How An Indian Made Pentium Processor, Took Intel’s Revenue From Millions To Billions
There cannot be one yardstick to measure everyone’s potential. Here’s where our education system fails because they call each child different but make them pass the same tests. Today, the spotlight is on a failure, yes, that is what he was called, who did not make his parents proud at first but understood that it is important to follow his passion more than anything.
Vinod Dham is a man who can dazzle anyone with his track record and success. An engineer, entrepreneur and venture capitalist, he is popularly known as Father of Pentium Chip for his contribution to the development of the highly successful Pentium processor of Intel Co. He is a mentor, advisor and sits on the boards of many companies.

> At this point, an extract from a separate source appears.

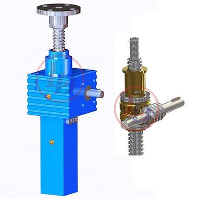 說起安全螺母,可能大多數人不知道,在國外, 都會有安全螺母,而國內的產品,因造價或者安裝空間的原因,都沒有設計這一裝置,但是安全螺母是非常必要的一個部件。它的原理很簡單:絲桿上下運動時,如果稍微有點側向力,便會使得絲桿和蝸輪的內螺紋有較大的摩擦,久而久之內螺紋會被磨壞,絲桿會從中脫落,絲桿上的設備也會因此落下,而在絲桿上端再套一個螺紋連接的螺母,可避免這一事故發生,蝸輪內螺紋損壞,絲桿也不會因此掉下來,利益不受損失,也不會傷到人員。這樣一舉兩得的裝置,大家都可以考慮加上。成本上并沒有高很多,為您帶來的安全性卻是百分百。

But it comes as a shocker to people when they know that this star of the Silicon Valley did not want to pursue engineering in the first place, let alone be an IITian. He wanted to study physics and had enrolled for BSc in Delhi University but at the last moment, his elder brother convinced him to go for engineering instead of a bachelors in Physics. He told him that only engineering would fetch him better-paying job and not graduation in science. Relying on his brother’s advice, Dham enrolled for Electrical Engineering of Delhi College of Engineering.
This was a course which wasn’t dear to Vinod and he almost failed the first year. He hated the mandatory drill he had to go through under NCC (National Cadet Corps). He dragged on half-heartedly for the first three years and began getting interested in the course only in the fourth and last year of his college.
After finishing his degree, the 25-year-old boy left his family to return to his love and went for a Masters degree in Electrical Engineering (Solid State) from the University of Cincinnati, United States. Those were extremely tough days for him as he arrived at this foreign land with merely $8 in his pocket.
According to Business Saga, Dham says, “I was excited about joining UC as they gave me a free scholarship and a Research Assistantship for $325 per month as a graduate student. I was more impressed by the fact that UC had a highly advanced semiconductor.” He landed in the US with mere $8 in his pocket. Back in 1975, the Government of India allowed foreign travelers to exchange rupees for only up to eight dollars.
One could also get additional $20 from RBI, by showing proof that they were going abroad as a student. Unfortunately, Dham could not collect the $20. “So I left with $8, hoping I would collect $325 on arrival to pay for my stay on campus. It turned out that the $325 monthly assistantship pay was only available starting at the end of the first month of doing the research. Upon learning that I had only $8 with me, the foreign student office advanced me a $125 interest free loan from their petty cash to survive the first two weeks – which barely paid for my rent and health insurance leaving little money for food. I gradually paid back the loan over a period of five months by returning $25 per month,” he recalled.
After completing his Master’s degree in 1977, he joined NCR Corp at Dayton, Ohio, as an Engineer, where he did cutting-edge work in developing advanced non-volatile memories. He then joined Intel Co; as an Engineer, where he led the development of the world-famous Pentium Processor. He rose to the position of Vice-President of Micro-Processor Group at Intel Co.
When Dham had joined Intel Co; it was then a mere $663 Million revenue. By the time he left in 1995,Intel’s revenues had soared to $16.2 Billion. He is a man who does not support doing business the Birla or Ambani way because they guarantee profitability yet walk on a carpet of subsidies.
This 66-year-old loved the start-up thrill and now works as the Executive MD of IndoUS Venture Partners, the venture capitalists who funded Snapdeal in its infant stage. He favors college projects more than the ones that come from government researches.
Focus and execute. The reason is that ideas are dime a dozen. What matters is if you can take the idea and translate that into a commercial success. Therein lies 99 per cent of your effort, energy, and time. The second one is what you think you are going to build, most likely is not what it may turn out to be. Therefore, having the flexibility and choosing the right timing of when to pivot is a very important element of being successful. In a start-up, you are moving very fast with somebody else’s money. There is lot of competition. There are a lot of overlapping ideas. Your ability to learn real time, make those mistakes, learn from them, and as we say in the Silicon Valley, ‘fail often, fail fast’.